*AIM OF THE EXERCISE*:
Among the entries below, only the lines from the one with "K'awandada? (Kga-wan-da-dah) Desert turtle" through the one with "Local Authority Heritage" are to be retyped, exactly and without pictures.

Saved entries
+++

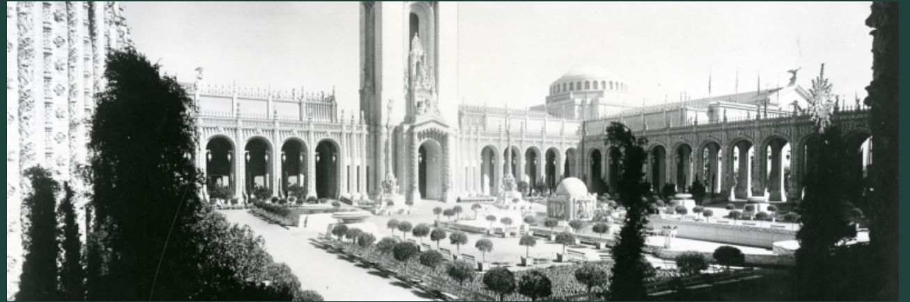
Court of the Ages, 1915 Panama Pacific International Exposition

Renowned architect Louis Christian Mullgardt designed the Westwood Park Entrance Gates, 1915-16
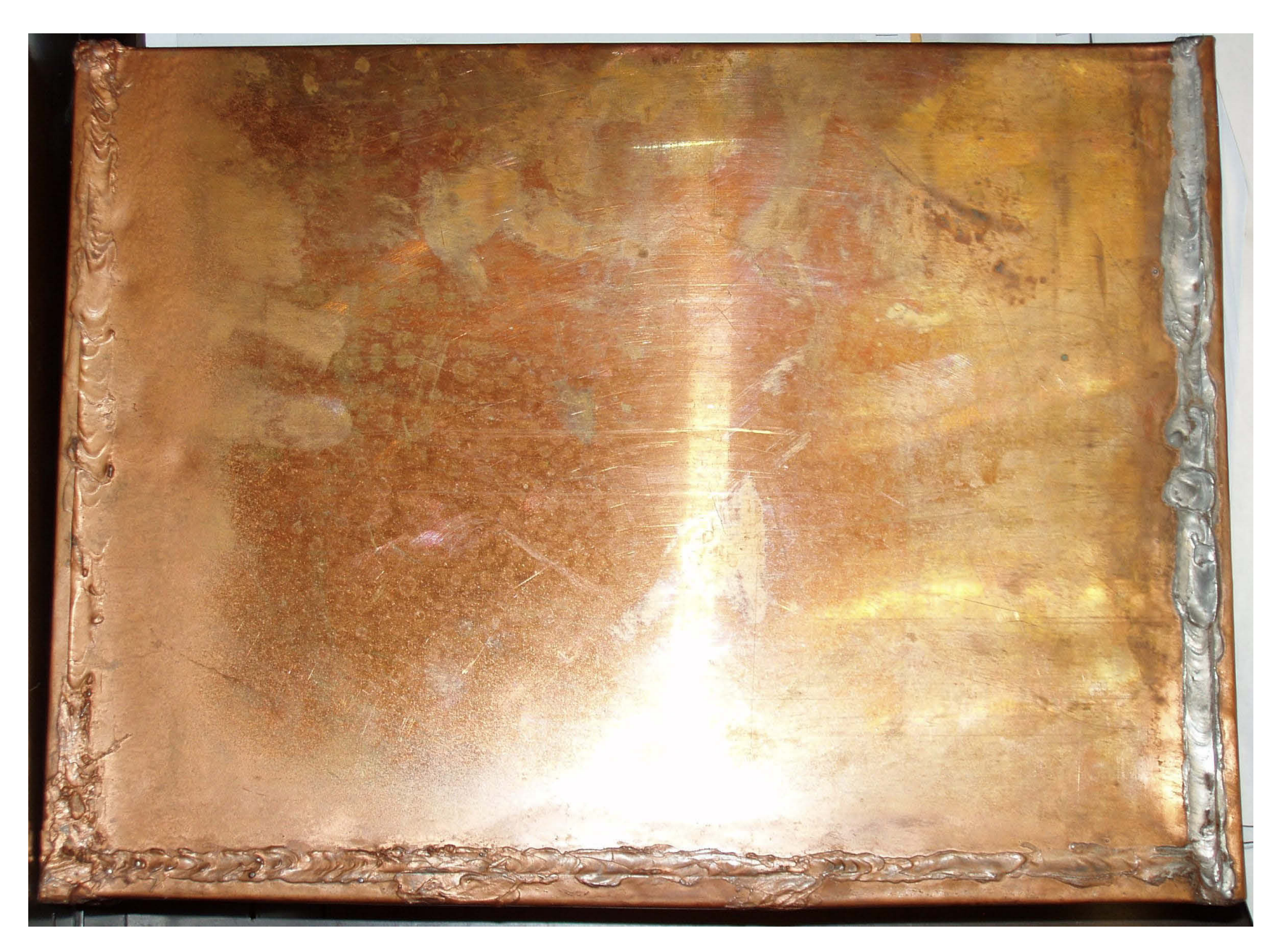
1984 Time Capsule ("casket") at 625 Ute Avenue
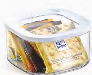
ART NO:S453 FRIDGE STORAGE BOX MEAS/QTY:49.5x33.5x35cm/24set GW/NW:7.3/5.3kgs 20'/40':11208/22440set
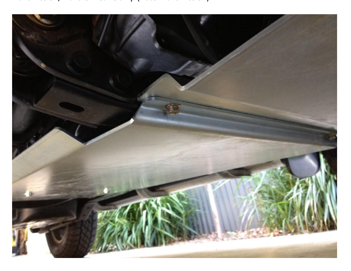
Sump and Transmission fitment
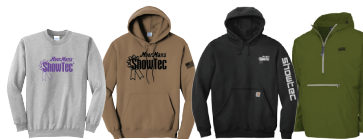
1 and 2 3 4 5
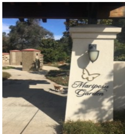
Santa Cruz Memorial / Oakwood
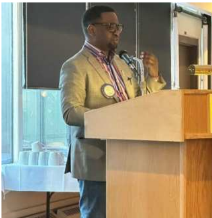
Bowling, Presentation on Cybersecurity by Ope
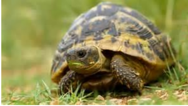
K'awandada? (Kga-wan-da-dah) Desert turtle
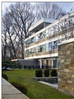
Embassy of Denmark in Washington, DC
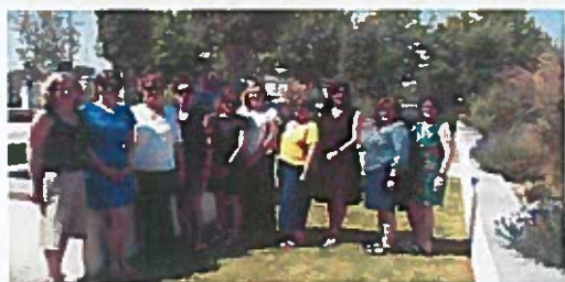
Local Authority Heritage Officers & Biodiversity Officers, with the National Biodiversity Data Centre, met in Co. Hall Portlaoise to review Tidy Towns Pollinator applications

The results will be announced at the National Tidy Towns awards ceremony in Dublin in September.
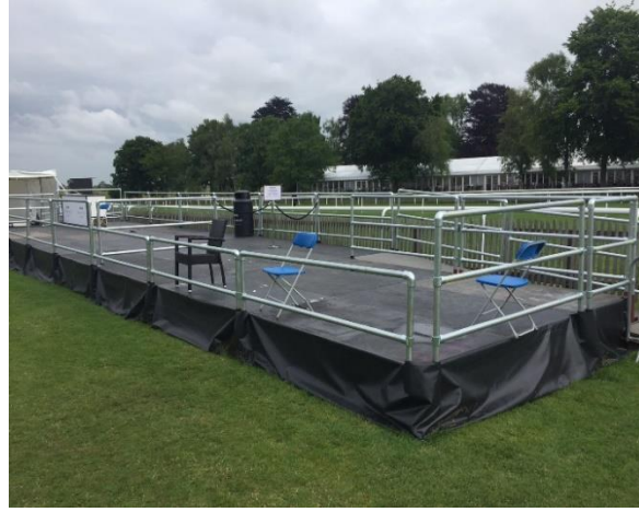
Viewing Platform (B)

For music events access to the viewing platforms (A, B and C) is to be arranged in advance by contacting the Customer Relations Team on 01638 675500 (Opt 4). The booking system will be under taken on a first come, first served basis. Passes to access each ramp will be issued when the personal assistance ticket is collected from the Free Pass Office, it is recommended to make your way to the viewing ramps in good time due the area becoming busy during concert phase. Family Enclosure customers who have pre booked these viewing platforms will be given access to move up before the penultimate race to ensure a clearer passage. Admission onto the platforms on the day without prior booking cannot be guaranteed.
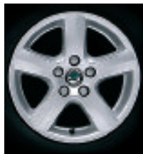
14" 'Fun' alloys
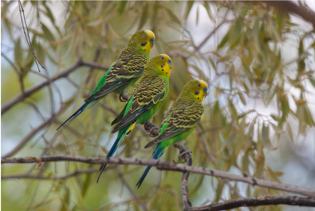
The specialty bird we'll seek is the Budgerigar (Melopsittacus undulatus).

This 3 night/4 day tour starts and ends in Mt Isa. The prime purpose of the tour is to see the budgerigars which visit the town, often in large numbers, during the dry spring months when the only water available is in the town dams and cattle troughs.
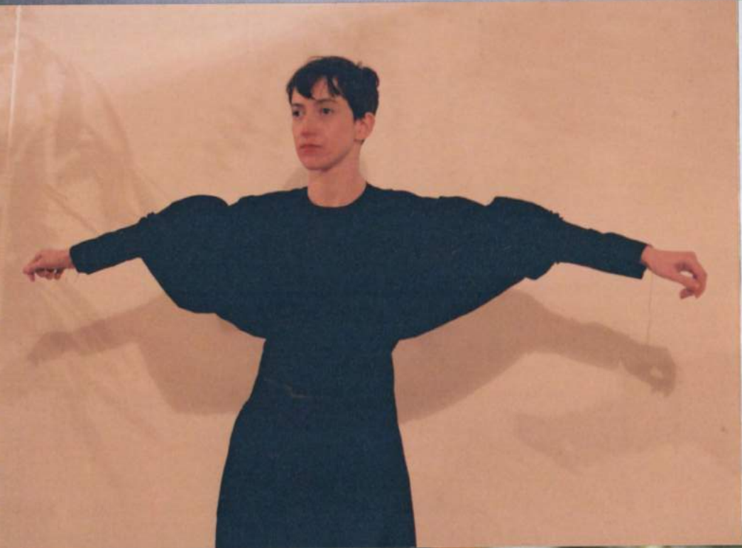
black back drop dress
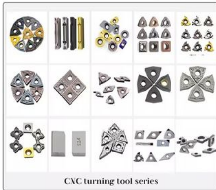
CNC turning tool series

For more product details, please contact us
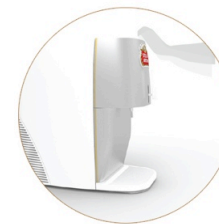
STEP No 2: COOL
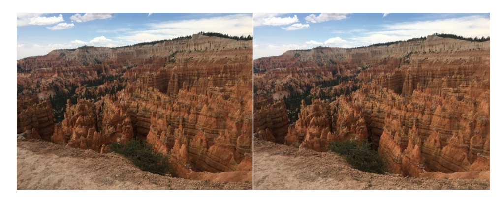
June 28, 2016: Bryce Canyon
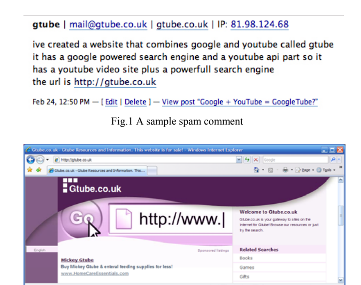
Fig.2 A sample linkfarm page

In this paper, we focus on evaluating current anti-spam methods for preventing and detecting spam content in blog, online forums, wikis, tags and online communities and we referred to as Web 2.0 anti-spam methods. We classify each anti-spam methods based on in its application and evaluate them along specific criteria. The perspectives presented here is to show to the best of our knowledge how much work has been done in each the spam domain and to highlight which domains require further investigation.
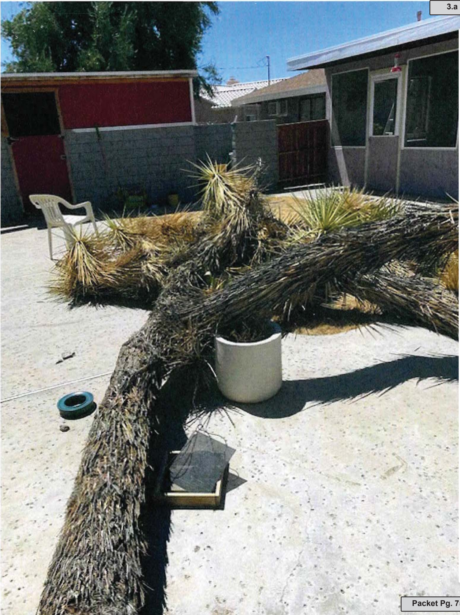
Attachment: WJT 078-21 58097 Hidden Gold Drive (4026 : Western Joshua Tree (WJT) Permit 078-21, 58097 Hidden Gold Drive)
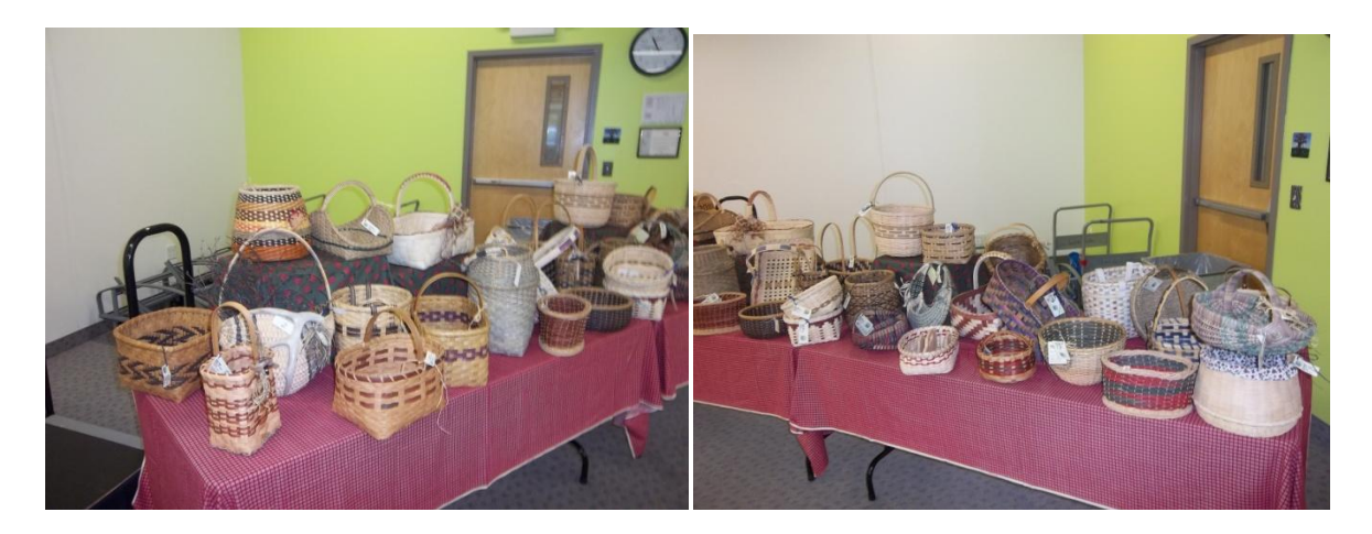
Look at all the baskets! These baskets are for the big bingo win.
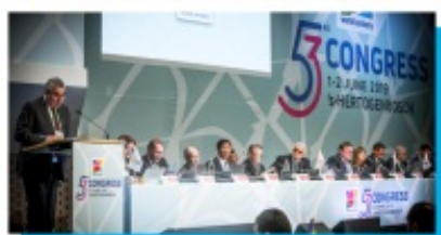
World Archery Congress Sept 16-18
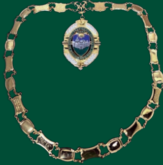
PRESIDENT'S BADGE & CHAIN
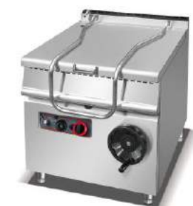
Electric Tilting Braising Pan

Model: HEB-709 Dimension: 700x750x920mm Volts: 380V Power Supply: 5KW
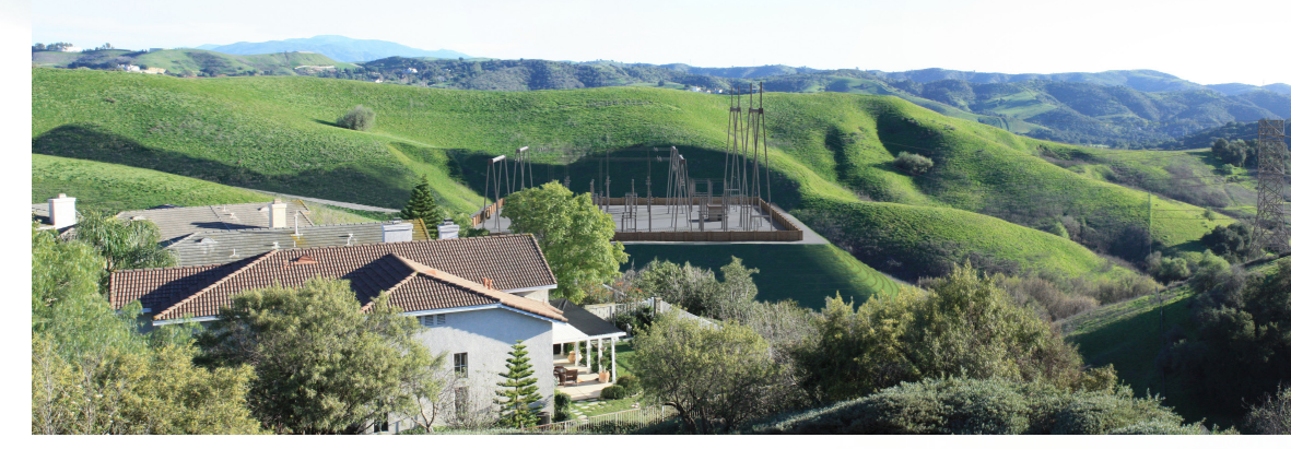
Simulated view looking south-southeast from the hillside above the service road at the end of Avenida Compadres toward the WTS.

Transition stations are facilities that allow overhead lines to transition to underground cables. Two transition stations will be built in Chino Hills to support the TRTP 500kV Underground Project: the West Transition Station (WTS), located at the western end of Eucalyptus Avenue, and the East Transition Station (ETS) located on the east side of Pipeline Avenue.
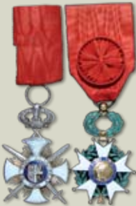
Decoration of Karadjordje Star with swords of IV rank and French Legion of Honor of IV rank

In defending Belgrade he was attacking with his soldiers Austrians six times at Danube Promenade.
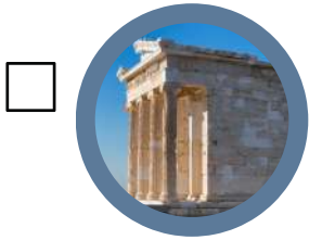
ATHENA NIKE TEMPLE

+++

*RESPONSE*:
K'awandada? (Kga-wan-da-dah) Desert turtle
Embassy of Denmark in Washington, DC
Local Authority Heritage Officers & Biodiversity Officers, with the National Biodiversity Data Centre, met in Co. Hall Portlaoise to review Tidy Towns Pollinator applications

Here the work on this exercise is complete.